IMPONDERABLES



This process may be continued for a considerable time, emptying the water and refilling the container with fresh water and algae; but so long as drops of water have been left on the edges of the container, there is sufficient copper in an imponderable state to kill the algae. This process will continue almost indefinitely unless the container is wiped dry before refilling, when the destructive action ceases. (Homoeopathic Recorder, Feb. 1932).

The limit of the divisibility of matter, or perhaps it should be said, the limit of the supposed divisibility of matter, is being ever pushed upwards.

Prof. Carl Oppenheimer, of Berlin, and Herman Junker, of Hamburg, in their experiments with very weak solutions of metallic salts have made some interesting discoveries. Solutions so weak that they cannot contain any molecules, nevertheless are able to affect the rate of growth of protozoa. The rate of concentration is one part of metallic salt to ten sextillion of the diluting menstrum, or written homoeopathically, the 22x.

In the matter of rhus poisoning without there having been any contact with the rhus plant itself, there is evidence in such abundance as to the truth of these observations that it is well established. I quote from H.C. Allen in the I.H.A. Transactions for 1901:.

A very sensitive friend of mine, is particularly sensitive to the action of Rhus rad., and its poisonous influence is particularly virulent during a damp spell of weather. Although there was a distance of at least ten feet between him and the plant, he was poisoned severely, so that he was confined to his room six weeks. Another patient was poisoned by Rhus on the 4th of July while fishing. On the 5th of July at 12:30 a.m., he was attacked by intense itching and burning of the upper lip and nose.
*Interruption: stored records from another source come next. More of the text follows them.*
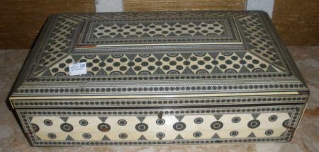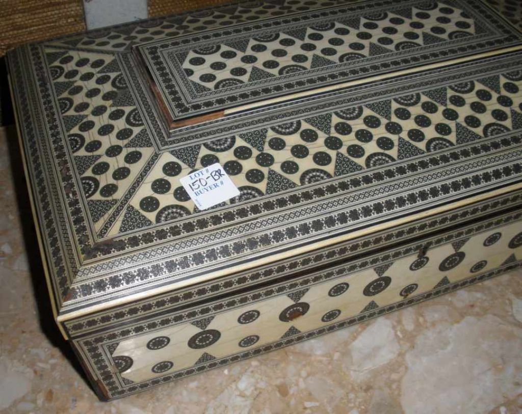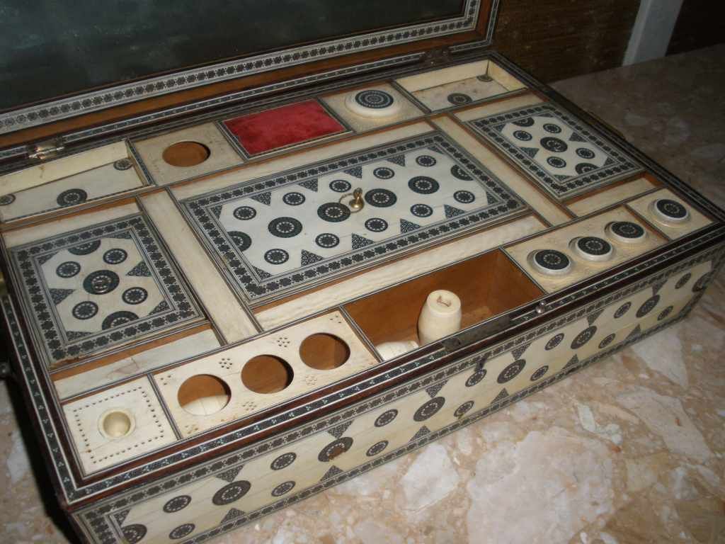Heavily inlaid nicely fitted sewing case - 17 3/8" length x 11" width Heavily inlaid nicely fitted sewing case - 17 3/8" length x 11" width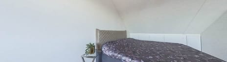 De tweede verdieping biedt nog een extra slaapkamer, bereikbaar via de voorzolder waar ook de aansluitingen voor de wasmachine en droger zijn. Dankzij de dakkapel aan de achterzijde is deze kamer verrassend licht en voelt hij ruim aan.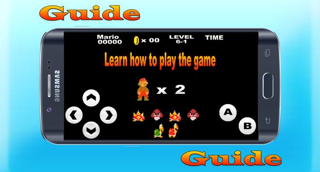 This app is an unofficial guide for super mario bros, made by a fan. It is full of walkthrough, tips and tricks, the best of levels secrets and more about mario game. This app is a perfect tool for beginner and intermediate players to find some useful information about the game and learn how to play it in the best way, and finish all missions and levels and make mario game easy to play.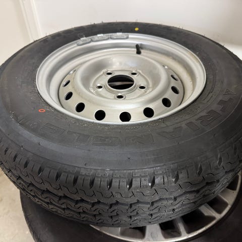 Uudesta kärrystä vaihdettu pois pienempiin niin nämä jäi ylimääräiseksi, Sopii myös asuntovaunuun. C renkaat eli kantavuutta löytyy. 4 x 100 jako niin kuin kärryissä yleensä on. uusimaa tikkurila, kulkeutuu Kuopioon jos tarvetta on

In a few hours his face was so swollen that he could not open his mouth and the nostrils were closed. Every 5th of July at 12:30 a.m. for four years, he would have that characteristic burning and itching. What was the size of the dose that caused this permanent effect? The dose was imponderable, invisible, tasteless, impalpable, and yet there was the positive effect that none but a blind man could avoid seeing.
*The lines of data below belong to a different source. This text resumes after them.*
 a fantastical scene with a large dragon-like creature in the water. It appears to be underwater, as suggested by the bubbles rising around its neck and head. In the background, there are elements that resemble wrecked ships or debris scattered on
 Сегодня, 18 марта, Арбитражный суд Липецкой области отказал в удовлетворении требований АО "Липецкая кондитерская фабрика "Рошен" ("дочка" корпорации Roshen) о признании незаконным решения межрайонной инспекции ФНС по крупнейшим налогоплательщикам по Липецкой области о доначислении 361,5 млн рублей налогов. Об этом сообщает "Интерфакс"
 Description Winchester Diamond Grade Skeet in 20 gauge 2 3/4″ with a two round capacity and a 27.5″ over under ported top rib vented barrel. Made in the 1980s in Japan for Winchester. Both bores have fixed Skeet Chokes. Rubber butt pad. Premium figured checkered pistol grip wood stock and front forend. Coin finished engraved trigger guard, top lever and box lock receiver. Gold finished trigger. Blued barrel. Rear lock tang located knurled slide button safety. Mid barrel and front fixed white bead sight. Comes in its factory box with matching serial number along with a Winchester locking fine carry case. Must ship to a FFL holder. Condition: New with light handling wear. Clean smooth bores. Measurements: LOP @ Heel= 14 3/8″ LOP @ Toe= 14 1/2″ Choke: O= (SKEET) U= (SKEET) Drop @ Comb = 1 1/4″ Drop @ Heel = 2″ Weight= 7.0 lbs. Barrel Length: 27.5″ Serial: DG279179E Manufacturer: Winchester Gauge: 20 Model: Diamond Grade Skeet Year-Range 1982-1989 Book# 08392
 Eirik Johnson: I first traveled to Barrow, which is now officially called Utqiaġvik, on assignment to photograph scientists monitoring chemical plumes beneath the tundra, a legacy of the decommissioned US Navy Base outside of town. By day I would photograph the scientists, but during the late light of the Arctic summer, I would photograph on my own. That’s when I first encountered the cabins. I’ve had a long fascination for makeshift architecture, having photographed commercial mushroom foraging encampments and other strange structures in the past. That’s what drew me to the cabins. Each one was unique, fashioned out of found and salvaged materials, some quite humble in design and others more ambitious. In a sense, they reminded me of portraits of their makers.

Further, in the same volume, there are cited the experiments of Darwin, showing that the one thirty millionth of efficient matter when absorbed by a gland of Drosera transmitted a motor impulse down the length of the tentacle.
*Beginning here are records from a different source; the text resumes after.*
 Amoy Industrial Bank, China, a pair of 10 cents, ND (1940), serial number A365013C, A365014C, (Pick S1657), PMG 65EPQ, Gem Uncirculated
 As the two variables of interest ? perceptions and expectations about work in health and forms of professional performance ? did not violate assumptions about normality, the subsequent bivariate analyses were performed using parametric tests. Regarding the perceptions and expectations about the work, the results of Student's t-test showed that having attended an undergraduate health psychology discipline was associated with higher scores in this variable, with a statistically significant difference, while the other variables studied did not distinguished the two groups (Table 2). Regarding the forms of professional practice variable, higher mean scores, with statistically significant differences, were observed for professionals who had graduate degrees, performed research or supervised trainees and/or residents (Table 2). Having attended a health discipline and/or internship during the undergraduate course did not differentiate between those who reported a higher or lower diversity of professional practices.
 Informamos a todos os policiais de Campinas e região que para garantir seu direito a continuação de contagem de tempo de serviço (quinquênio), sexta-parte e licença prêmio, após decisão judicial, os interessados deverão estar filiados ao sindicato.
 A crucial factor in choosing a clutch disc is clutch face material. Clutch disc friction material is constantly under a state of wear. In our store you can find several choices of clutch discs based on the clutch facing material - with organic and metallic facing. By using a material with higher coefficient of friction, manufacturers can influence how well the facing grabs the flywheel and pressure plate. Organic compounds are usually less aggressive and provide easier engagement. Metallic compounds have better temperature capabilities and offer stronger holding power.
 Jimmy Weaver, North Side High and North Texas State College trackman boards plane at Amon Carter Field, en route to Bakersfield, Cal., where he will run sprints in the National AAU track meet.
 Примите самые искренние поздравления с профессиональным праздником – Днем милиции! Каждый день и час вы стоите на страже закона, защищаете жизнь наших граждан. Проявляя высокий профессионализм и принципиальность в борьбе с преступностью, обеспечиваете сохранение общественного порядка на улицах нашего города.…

A gold coin was put into a glass of water and allowed to stand for 24 hours. This water was given in tablespoonful doses three times a day; there were five experimenters, scientists, not medical men. At the end of a month they compared results and published them, and lo! and behold! it simply verified Hahnemanns proving of Aur. met. Gold is an insoluble metal according to science, and because it cannot be explained, science will not believe this.

There are also records of salivation having been produced by placing a salt of mercury in a tightly corked bottle and hiding it beneath the patients pillow.

Science is slow to accept what she cannot explain; and how can these phenomena be explained on her material basis? Even that tiny particle called the “atomerg” can push upward the accepted limit of the division of matter a comparative trifle.

But when we turn to The Chronic Diseases of Hahnemann and read that “homoeopathic dynamizations are the true awakening of the medicinal properties, latent in the natural bodies during their crude state, which then are enabled to act almost spiritually upon our life, that is, upon our sentient and irritable fibre”, then should we not conclude that our high and highest potencies are something real on their own plane, and not figments of our imagination; that they have individual substance and activity, just as truly as does the vital force; and that though imponderable, invisible, tasteless and intangible, still they move and have being in their own world, and affect the world of gross matter only as that which is vital affects that which is of itself dead. To the philosopher divisibility is infinite, because to him all things have their origin in the Infinite.

DISCUSSION.

DR. CHARLES L. OLDS: I should like to have an expression on the point I brought up about the force being transferred to something else.

DR. A. H. GRIMMER: I think you can tell it, doctor, better than any of the rest of us.

This is a very valuable paper in many ways. It brings out the idea of the continuous effects of our potencies as they step higher and higher up to the menstrum of alcohol or sugar of milk, and the idea that by contact this material imparts its energy. There is no end to what that is. As far as we know there could be no end to that divisibility, that ability of the medicine to impart its energy to new menstrums. It is something like what we recently heard of from the astronomers. They have discovered carbon dioxide planted in Venus, through the medium of the reflected light of the sun passing through the Venusian atmosphere, and they are able to tell that Venus now has carbon dioxide. These potencies are probably much along those same lines, merely something that is imparted by contact with this force or energy.

Is that what you wanted to bring out?.

If you give a new remedy when not needed, you spoil your case. Never prescribe for a moving image; wait till it rests. It is your duty to understand before you attempt to do. J. T. KENT, M.D.